В мои планы входило подольше поспать сегодня утром, чтобы отоспаться после бессонной ночи.

Но уже в восемь часов в дверях моей каюты, неустанно кланяясь, возникают три субъекта со своеобразными физиономиями под предводительством господина Кенгуру. Одеты они в длинные робы, разукрашенные темными рисунками; волосы у них длинные, лбы высокие, лица бескровные, как у людей, всецело отдающих себя служению искусству, а поверх пучков по-пижонски набекрень надеты канотье английского фасона.
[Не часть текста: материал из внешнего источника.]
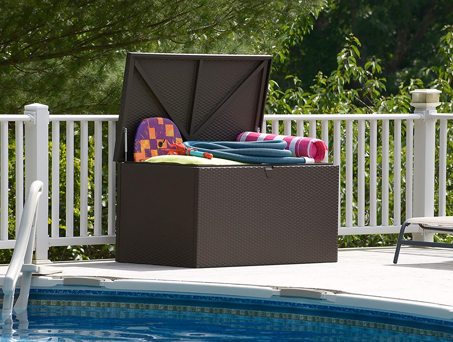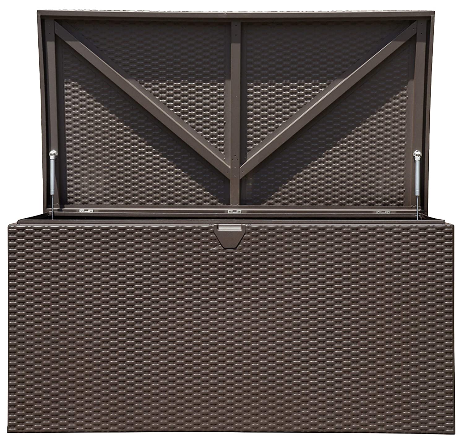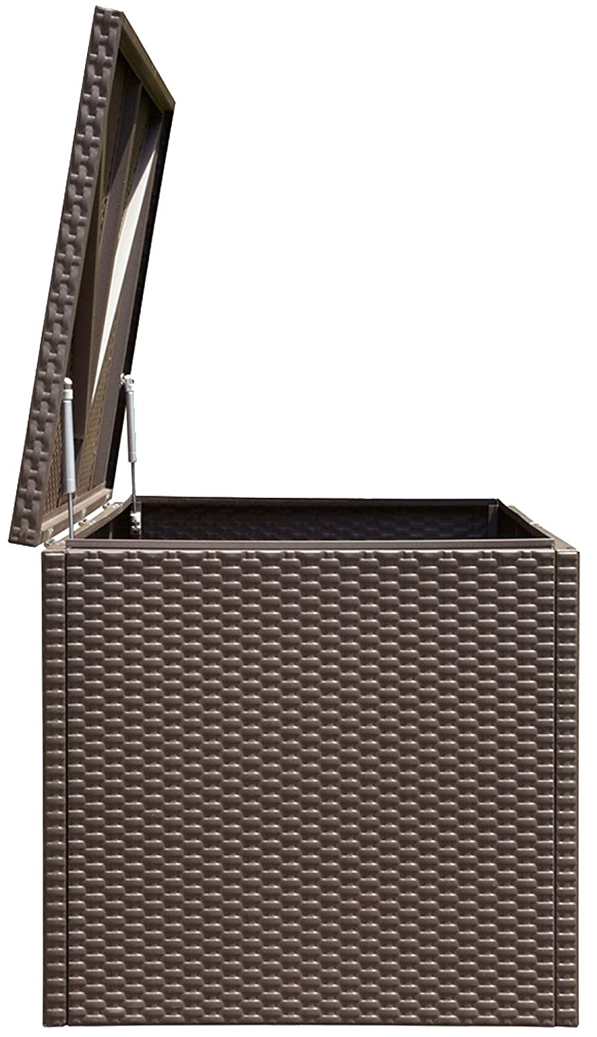 The Arrow Spacemaker Deck Box is an attractive and versatile outdoor storage bench with roomy, and convenient storage. If you're looking for storage for the poolside or a container for your outdoor patio, you need to look no further. Need something sturdy that'll store patio accessories during any season? Or need some indoor storage for your living room? The Spacemaker Deck Box is the perfect storage solution. With 134 gallons (509 liters) of storage space, the Spacemaker is ideal for storing garden supplies, patio seat cushions, outdoor gear, sports equipment, marine supplies, tools and equipment, and more! Constructed of hot-dipped galvanized steel, the Spacemaker Deck Box stands up to corrosion, extreme weather conditions, and protects against rot and insects. The built-in corrugated floor provides additional strength and keeps items dry. Your stored items remain secure with the integrated security hasp and fits most combination locks and padlocks for securing your items. The improved pneumatic lift supports controlling the opening and closing of the lid and won't close on your hands or fingers. The patented design allows for easy do-it-yourself assembly in just 30 minutes! Comes in an attractive, basket weave style exterior with a powder coated finish in Espresso. It's sure to complement a variety of decks, lawns, patios, and other outdoor areas. Assembled Exterior Dimensions: 4'4" x 2'3" x 2'2" Assembled Interior Dimensions: 4'3" x 2'1" x 2'Assembled Weight: 64 poundsTotal Storage Space: 134 gallons (509 liters)
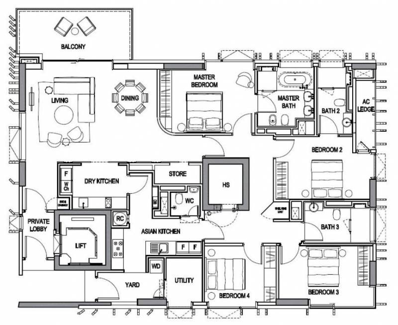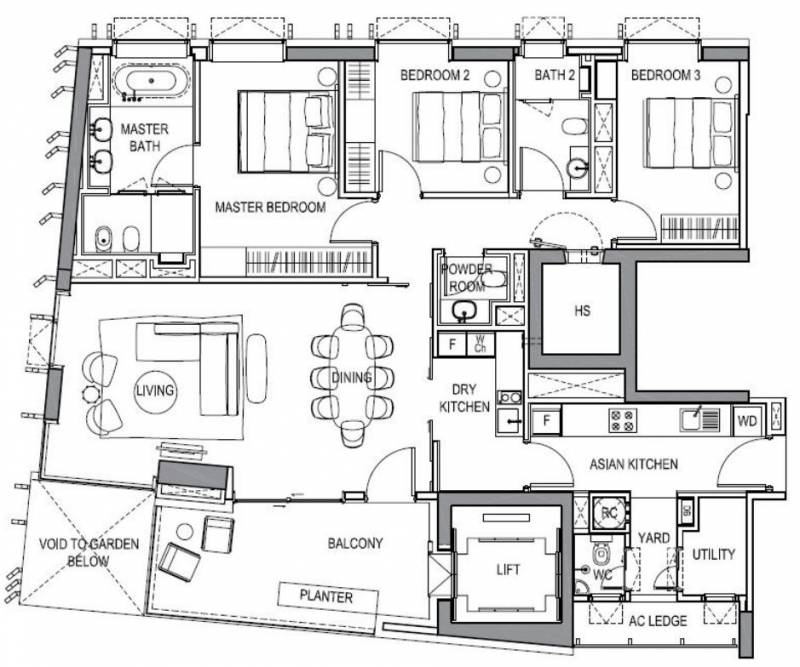 3房豪华型,面积为165-173平方米,每个卧室都很大,主卧带浴缸,带大阳台,厨房分为干湿两区,私人电梯直接入户,价格650万新币起
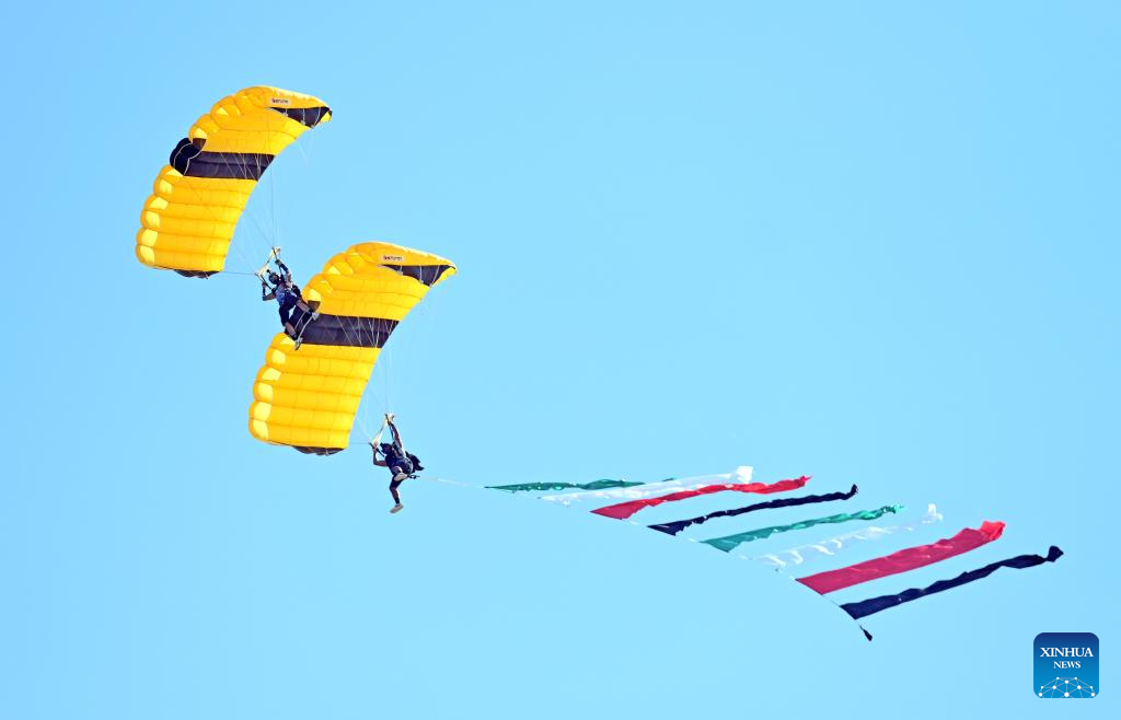 A skydiver makes stunt moves during a show in Ahmadi Governorate, Kuwait, Feb. 22, 2024. A skydiving show is held on Thursday to celebrate the upcoming National Day of Kuwait. (Photo by Asad/Xinhua)
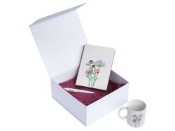 Коробка изготовлена из переплетного картона, кашированного дизайнерской бумагой Fabric Embossing Fine Linen, с крышкой на магните.Конструкция коробки предусматривает наличие технологического зазора шириной до 2 мм по линии сопряжения короба и крышки.
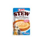 Snack húmedo con pollo y vieira en caldo para gatos adultos que disfrutan de sabores del mar

Под мышкой они держат папки с эскизами; в руках у них коробки с акварелью, карандаши и связанные в пучок тоненькие иглы с поблескивающими острыми кончиками.

С первого же взгляда, несмотря на весь сумбур, сопутствующий пробуждению, мне удается рассмотреть, что за гости ко мне пожаловали, и я догадываюсь, с кем имею дело:

– Заходите, господа татуировщики! – говорю я.

Это самые знаменитые в Нагасаки специалисты; я вызвал их два дня назад, еще не зная, что уезжаю, и, раз уж они пришли, придется их принять.

Мне не раз случалось наведываться к примитивным существам в Океании или где-нибудь еще, и в результате я имел неосторожность пристраститься к татуировкам; а потому мне захотелось увезти с собой как какую-нибудь диковину или безделушку образец работы японских татуировщиков, по тонкости штриха не имеющих себе равных.

Я выбираю по их альбомам, разложенным у меня на столе. Там есть очень странные рисунки, предназначенные для разных частей человеческого тела: символические изображения для рук и ног, веточки с розами для плеча и толстые кривляющиеся физиономии для середины спины.

В расчете на вкусы некоторых клиентов – офицеров иностранных флотов – там есть даже военные трофеи, перекрещенные флаги Америки и Франции, «God save» на фоне звезд и женщины Гревена[150], сведенные с газетных страниц!

Мой выбор падает на весьма своеобразную голубую с розовым химеру длиной примерно в два дюйма, которая будет славно смотреться у меня на груди с противоположной от сердца стороны.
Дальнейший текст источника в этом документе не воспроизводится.